**DATA SEGMENT**.
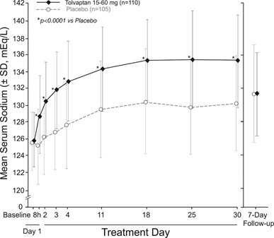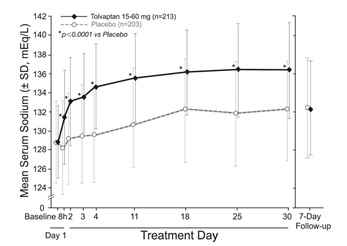 Figure 1 shows the change from baseline in serum sodium by visit in patients with serum sodium <135 mEq/L. Within 7 days of tolvaptan discontinuation, serum sodium concentrations in tolvaptan-treated patients declined to levels similar to those of placebo-treated patients.
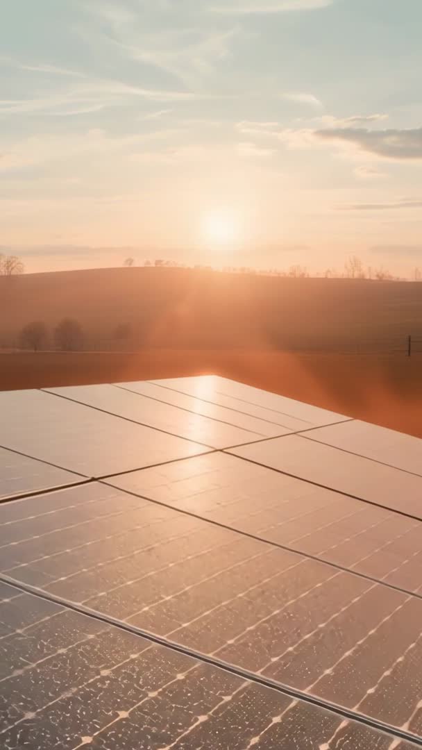 - Vertical video Sunrise casting golden light across solar panel array on rolling farmland
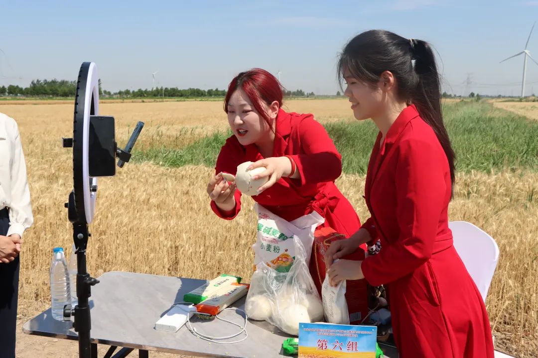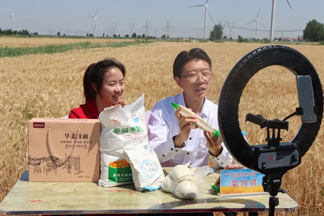 在屈国治宣布齐家务镇乡村振兴党建联合体直播基地成立,云电军宣布齐传添翼首届大学生农商直播大赛正式开始后,伟德“齐传天翼”大学生直播团队、传媒集团、农产品公司组成的6组直播团队,深入田间地头,对旱碱麦面粉、面条、面花等特色农产品现场直播带货,同台打擂,共助旱碱麦农产品销量提升。

**BRIEF**.
Omit the pictures and output all of the other material exactly.

**ANSWER TO THIS EXERCISE**.
 Figure 1 shows the change from baseline in serum sodium by visit in patients with serum sodium <135 mEq/L. Within 7 days of tolvaptan discontinuation, serum sodium concentrations in tolvaptan-treated patients declined to levels similar to those of placebo-treated patients.
 - Vertical video Sunrise casting golden light across solar panel array on rolling farmland
 在屈国治宣布齐家务镇乡村振兴党建联合体直播基地成立,云电军宣布齐传添翼首届大学生农商直播大赛正式开始后,伟德“齐传天翼”大学生直播团队、传媒集团、农产品公司组成的6组直播团队,深入田间地头,对旱碱麦面粉、面条、面花等特色农产品现场直播带货,同台打擂,共助旱碱麦农产品销量提升。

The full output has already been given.